简体   繁体   English

C ++字符编码

[英]C++ Character Encoding

This is my C++ Code where i'm trying to encode the received file path to utf-8. 这是我的C ++代码,我尝试在其中编码到utf-8的接收文件路径。

#include <string>
#include <iostream>

using namespace std;
void latin1_to_utf8(unsigned char *in, unsigned char *out);
string encodeToUTF8(string _strToEncode);

int main(int argc,char* argv[])
{

// Code to receive fileName from Sockets
cout << "recvd ::: " << recvdFName << "\n";
string encStr = encodeToUTF8(recvdFName);
cout << "encoded :::" << encStr << "\n";
}

void latin1_to_utf8(unsigned char *in, unsigned char *out)
{
 while (*in)
 {
  if (*in<128)
  {
    *out++=*in++;
  }
  else
  {
    *out++=0xc2+(*in>0xbf);
    *out++=(*in++&0x3f)+0x80;
  }
 }
 *out = '\0';
}

string encodeToUTF8(string _strToEncode)
{
  int len= _strToEncode.length();
  unsigned char* inpChar = new unsigned char[len+1];
  unsigned char* outChar = new unsigned char[2*(len+1)];
  memset(inpChar,'\0',len+1);
  memset(outChar,'\0',2*(len+1));
  memcpy(inpChar,_strToEncode.c_str(),len);
  latin1_to_utf8(inpChar,outChar);
  string _toRet = (const char*)(outChar);
  delete[] inpChar;
  delete[] outChar;
  return _toRet;
 }

And the OutPut is 而输出是

recvd ::: /Users/zeus/ÄÈÊÑ.txt  
encoded ::: /Users/zeus/AÌEÌEÌNÌ.txt

The above function latin1_to_utf8 is provided as an solution Convert ISO-8859-1 strings to UTF-8 in C/C++ , Looks like it works.[Answer is accepted]. 上面的函数latin1_to_utf8是作为解决方案提供的, 在C / C ++中将ISO-8859-1字符串转换为UTF-8 ,看起来像是可行的。[接受答案]。 So i think i must be making some mistake, but i'm not able to identify what it is. 因此,我认为我一定会犯一些错误,但是我无法确定它是什么。 Can someone help me out with this , Please. 有人可以帮我这个忙吗?

I have first posted this question in Codereview,but i'm not getting any answers out there. 我首先在Codereview中发布了这个问题,但是我没有得到任何答案。 So sorry for the duplication. 很抱歉重复。

Do you use any platform or you build it on the top of std? 您使用任何平台还是在std顶部构建它? I am sure that many people use such convertions and therefore there is library. 我敢肯定,很多人都使用这种转换,因此这里有图书馆。 I strongly recommend you to use the libraray, because the library is tested and usually the best know way is used. 我强烈建议您使用libraray,因为该库已经过测试,并且通常使用最佳方法。

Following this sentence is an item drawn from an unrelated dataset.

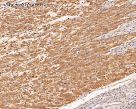 Immunohistochemical analysis of paraffin-embedded human liver carcinoma tissue using anti-TREM2 antibody. The section was pre-treated using heat mediated antigen retrieval with Tris-EDTA buffer (pH 8.0-8.4) for 20 minutes.The tissues were blocked in 5% BSA for 30 minutes at room temperature, washed with ddH2O and PBS, and then probed with the primary antibody (ER1902-96, 1/50) for 30 minutes at room temperature. The detection was performed using an HRP conjugated compact polymer system. DAB was used as the chromogen. Tissues were counterstained with hematoxylin and mounted with DPX.
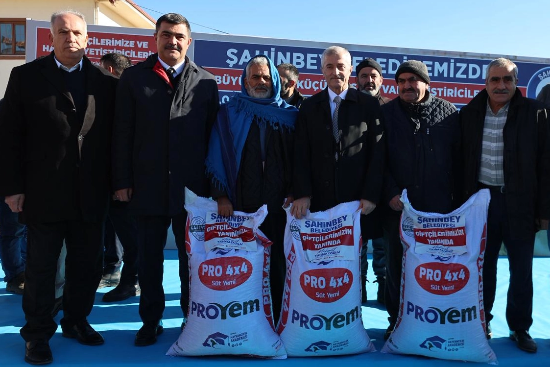 Hayvan yetiştiricilerine ve çiftçilere her zaman destek olduklarını ifade eden Şahinbey Belediye Başkanı Mehmet Tahmazoğlu, “8 Yıldır Şahinbey Belediyesi olarak küçükbaş ve büyükbaş hayvan yemi dağıtımı yaparak hayvan yetiştiricilerimize destek oluyoruz. Sadece bir yıl değil, sürekli çiftçimizin ve hayan yetiştiricilerimizin yanındayız. Hayvan yetiştiricilerimiz hayvan yemi çiftçilerimize buğday, arpa, gübre ve fide dağıtımlarımız her yıl geleneksel olarak devam ediyor. Bunlar sadece göstermelik yapılan işler değil. İstanbul'da veya başka yerde bazı belediyeler, iki kamyon silajlık mısır dağıtıyor. Bizim sadece bugün dağıtacağımız yem miktarı 7 bin ton. 101 milyon TL. Sadece yemden bahsediyorum. Bunun yanında gübresi, arpası, buğdayı, diğer fide desteklerimiz ve sürekli çalıştığımız arazi yollarımız ki sürekli yeniliyoruz. Şu anda 5 bin kilometrenin üzerinde arazi yolda yaptık” ifadelerini kullandı.

A library which I found doing this is boost locale 我发现这样做的库是提升语言环境

This is standard. 这是标准的。 If you use QT I will recommend you to use the QT conversion library for this (it is platform independant) 如果您使用QT,我建议您为此使用QT转换库(与平台无关)

QT QT

In case you want to do it yourself (you want to see how it works or for any other reason) 1. Make sure that you allocate memory ! 万一您想自己做(您想看一下它是如何工作的或出于其他任何原因)1.确保分配了内存! - this is very important in C,C++ . - 这在C,C ++中非常重要 Since you use iostream use new to allocate memory and delete to release it (this is also important C++ won't figure out when to release it for sure. This is developer's job here - C++ is hardcore :D ) 2. Check that you allocate the right size of memory. 由于您使用iostream,所以请使用new来分配内存并删除以释放它(这也很重要,C ++不会确定何时释放它。这是开发人员的工作-C ++是Hardcore:D)2.检查是否分配了内存正确的内存大小。 I expect unicode to be larger memory (it encodes more symbols and sometimes uses large numbers). 我希望unicode可以占用更大的内存(它编码更多的符号,有时使用大数字)。 3. As already mentioned above read from somewhere (terminal or file) but output in new file. 3.如上所述,从某处(终端或文件)读取,但在新文件中输出。 After that when you open the file with text editor make sure you set the encoding to be utf-8 ( your text editor has to know how to interpretate the data) 之后,使用文本编辑器打开文件时,请确保将编码设置为utf-8(文本编辑器必须知道如何解释数据)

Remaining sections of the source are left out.